Records provided:
※ ※ ※
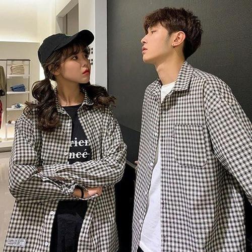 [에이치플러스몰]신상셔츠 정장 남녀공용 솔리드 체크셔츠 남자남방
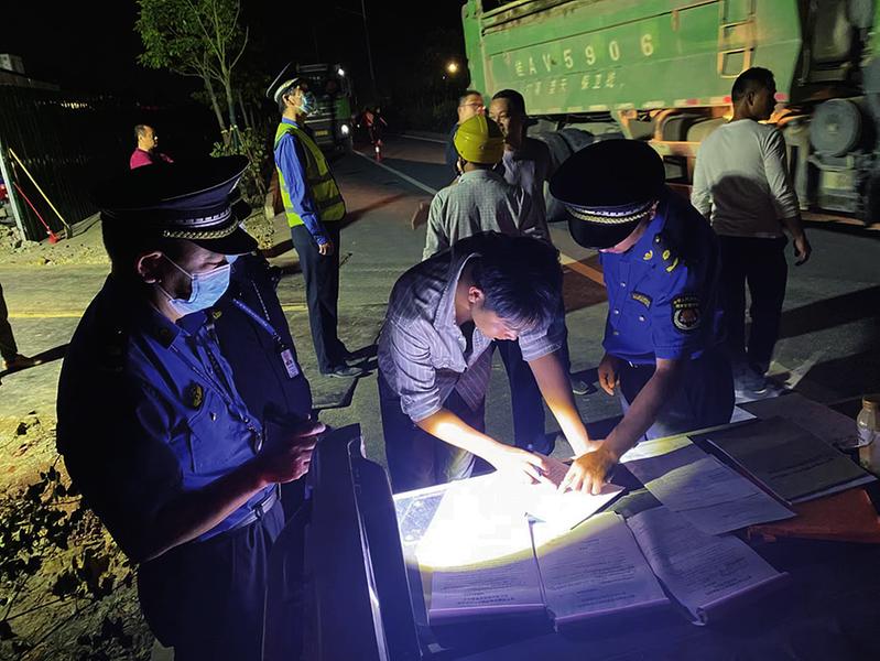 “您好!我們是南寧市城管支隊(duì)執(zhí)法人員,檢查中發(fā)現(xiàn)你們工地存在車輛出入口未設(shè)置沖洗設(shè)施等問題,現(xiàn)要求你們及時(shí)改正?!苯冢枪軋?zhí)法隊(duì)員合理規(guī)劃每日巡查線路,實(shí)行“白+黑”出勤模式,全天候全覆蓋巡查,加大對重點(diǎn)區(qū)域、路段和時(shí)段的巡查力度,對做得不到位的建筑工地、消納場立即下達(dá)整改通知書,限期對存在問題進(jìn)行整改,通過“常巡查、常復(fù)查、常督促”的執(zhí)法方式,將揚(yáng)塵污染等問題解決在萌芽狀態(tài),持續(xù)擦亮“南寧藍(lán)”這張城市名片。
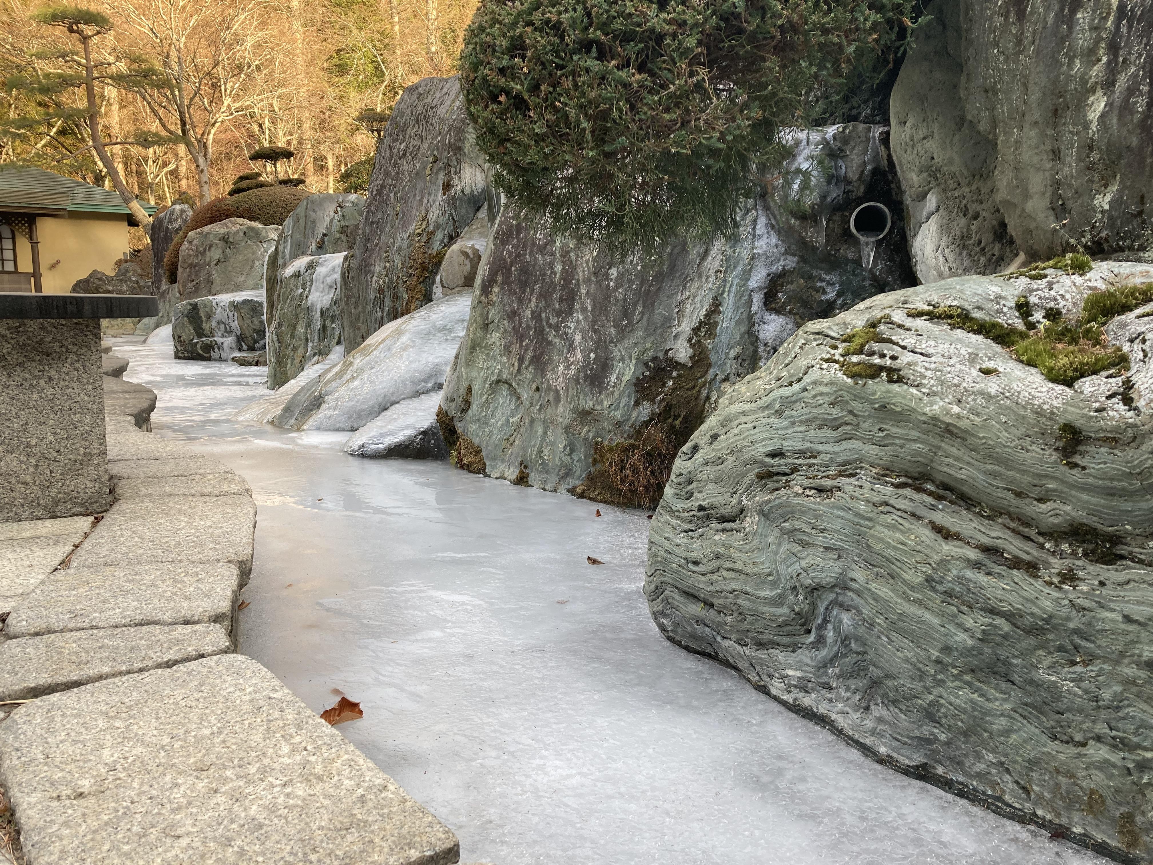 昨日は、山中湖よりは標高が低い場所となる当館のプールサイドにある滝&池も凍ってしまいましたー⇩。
※ ※ ※
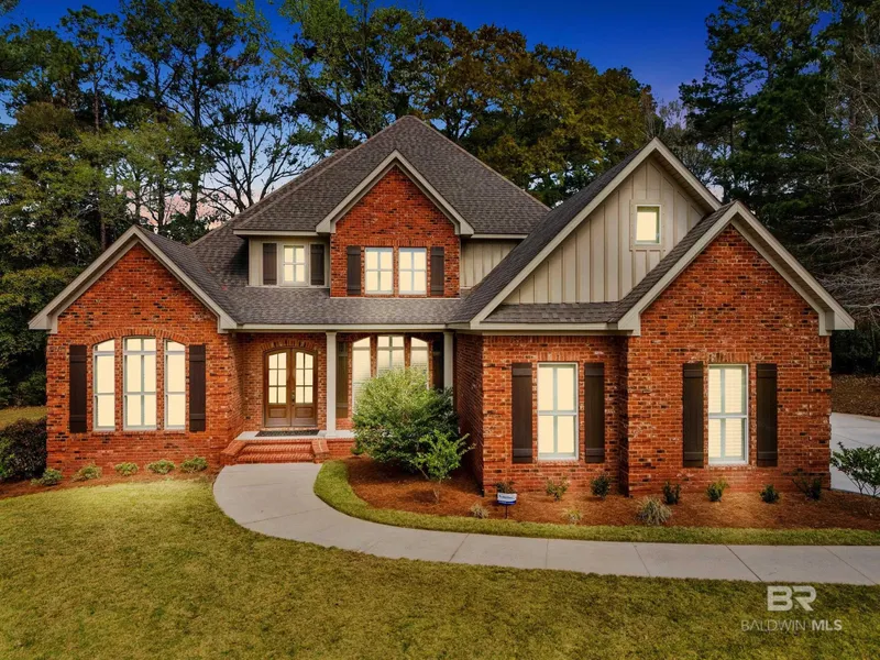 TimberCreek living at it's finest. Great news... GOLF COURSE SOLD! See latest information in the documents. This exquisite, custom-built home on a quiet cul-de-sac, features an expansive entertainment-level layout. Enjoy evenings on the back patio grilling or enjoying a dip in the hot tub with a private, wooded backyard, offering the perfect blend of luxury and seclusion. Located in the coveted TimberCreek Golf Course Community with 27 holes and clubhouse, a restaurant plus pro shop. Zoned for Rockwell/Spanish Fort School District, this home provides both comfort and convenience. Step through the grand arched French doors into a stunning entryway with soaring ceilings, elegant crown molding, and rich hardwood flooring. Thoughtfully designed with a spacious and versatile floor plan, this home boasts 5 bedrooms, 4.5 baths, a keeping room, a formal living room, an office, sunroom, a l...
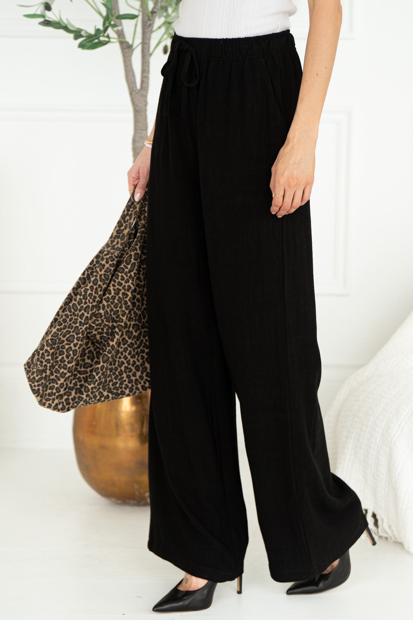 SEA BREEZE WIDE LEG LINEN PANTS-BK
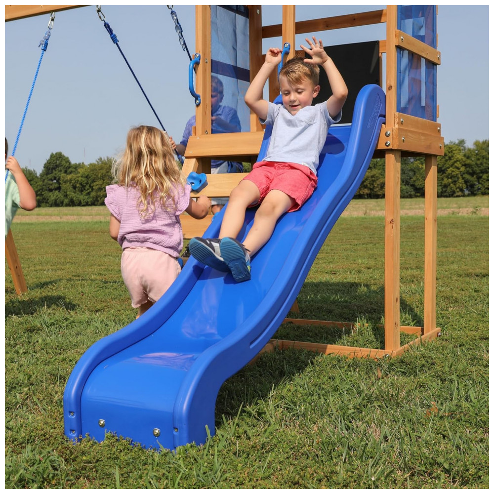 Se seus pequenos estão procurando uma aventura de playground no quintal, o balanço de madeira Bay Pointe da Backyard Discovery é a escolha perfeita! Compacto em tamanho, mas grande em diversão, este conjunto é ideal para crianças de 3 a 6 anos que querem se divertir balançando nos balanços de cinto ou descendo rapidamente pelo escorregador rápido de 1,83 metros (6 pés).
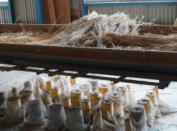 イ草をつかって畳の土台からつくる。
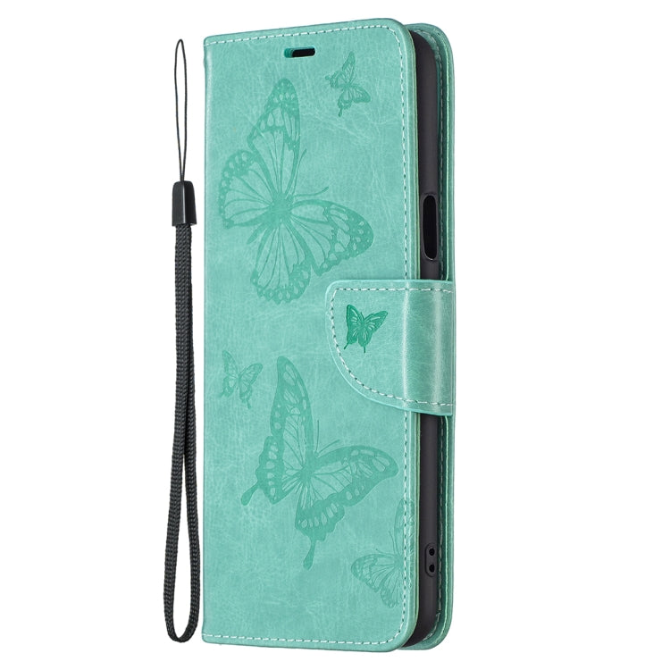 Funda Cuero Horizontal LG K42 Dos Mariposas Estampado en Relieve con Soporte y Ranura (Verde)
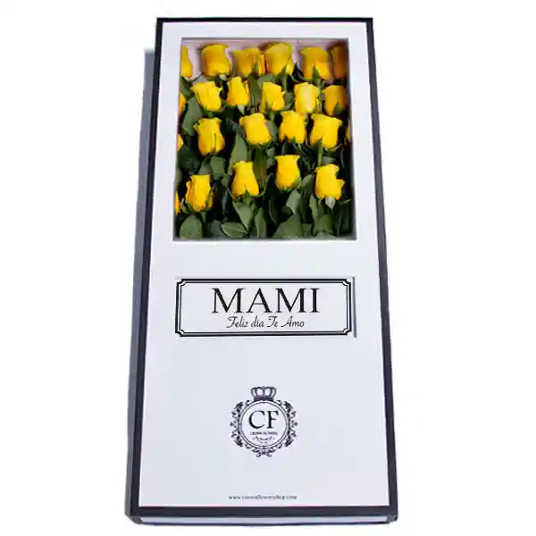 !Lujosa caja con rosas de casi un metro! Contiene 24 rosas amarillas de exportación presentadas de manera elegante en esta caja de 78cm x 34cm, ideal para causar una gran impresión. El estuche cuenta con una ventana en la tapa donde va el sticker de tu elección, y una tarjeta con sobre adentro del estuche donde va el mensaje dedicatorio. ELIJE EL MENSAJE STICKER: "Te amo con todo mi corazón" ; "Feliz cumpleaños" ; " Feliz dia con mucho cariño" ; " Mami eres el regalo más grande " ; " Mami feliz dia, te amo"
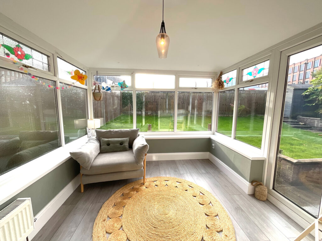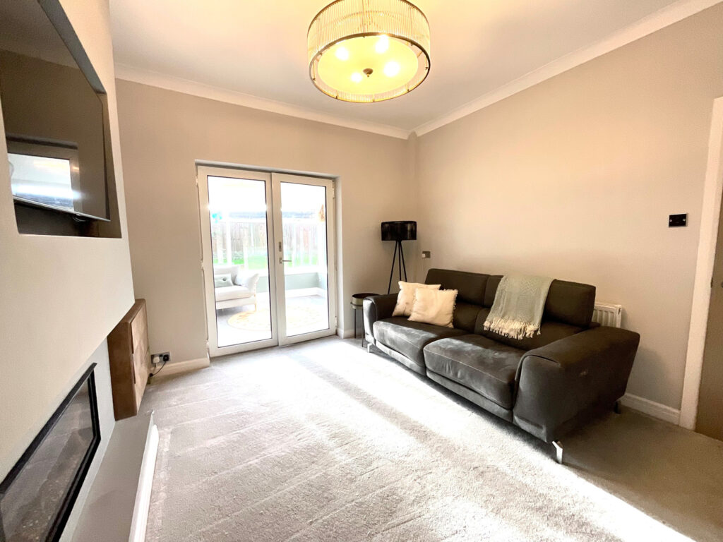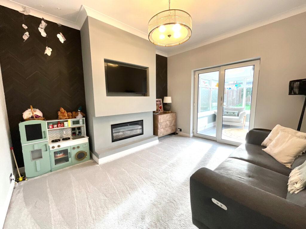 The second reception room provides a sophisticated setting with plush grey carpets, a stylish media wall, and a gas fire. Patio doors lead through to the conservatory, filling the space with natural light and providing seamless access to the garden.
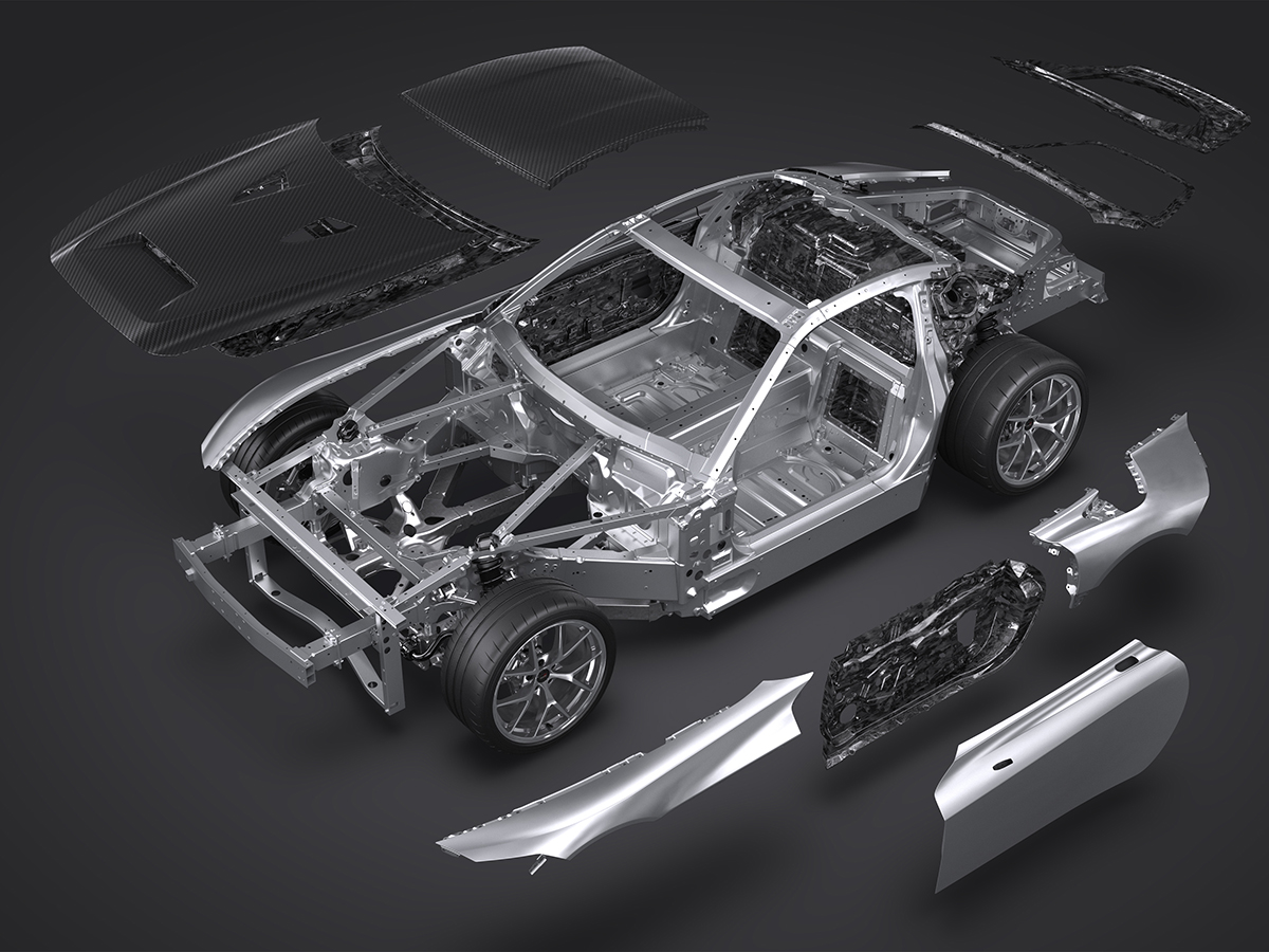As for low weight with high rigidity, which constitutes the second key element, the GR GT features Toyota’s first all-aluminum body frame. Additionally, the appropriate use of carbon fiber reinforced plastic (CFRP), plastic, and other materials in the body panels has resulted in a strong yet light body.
※ ※ ※
Nothing but the lines above, starting at the line that contains "Funda Cuero Horizontal" and ending at the line that contains "The second reception", should be given again, exactly and without the pictures.

Output of the task:
 Funda Cuero Horizontal LG K42 Dos Mariposas Estampado en Relieve con Soporte y Ranura (Verde)
 !Lujosa caja con rosas de casi un metro! Contiene 24 rosas amarillas de exportación presentadas de manera elegante en esta caja de 78cm x 34cm, ideal para causar una gran impresión. El estuche cuenta con una ventana en la tapa donde va el sticker de tu elección, y una tarjeta con sobre adentro del estuche donde va el mensaje dedicatorio. ELIJE EL MENSAJE STICKER: "Te amo con todo mi corazón" ; "Feliz cumpleaños" ; " Feliz dia con mucho cariño" ; " Mami eres el regalo más grande " ; " Mami feliz dia, te amo"
 The second reception room provides a sophisticated setting with plush grey carpets, a stylish media wall, and a gas fire. Patio doors lead through to the conservatory, filling the space with natural light and providing seamless access to the garden.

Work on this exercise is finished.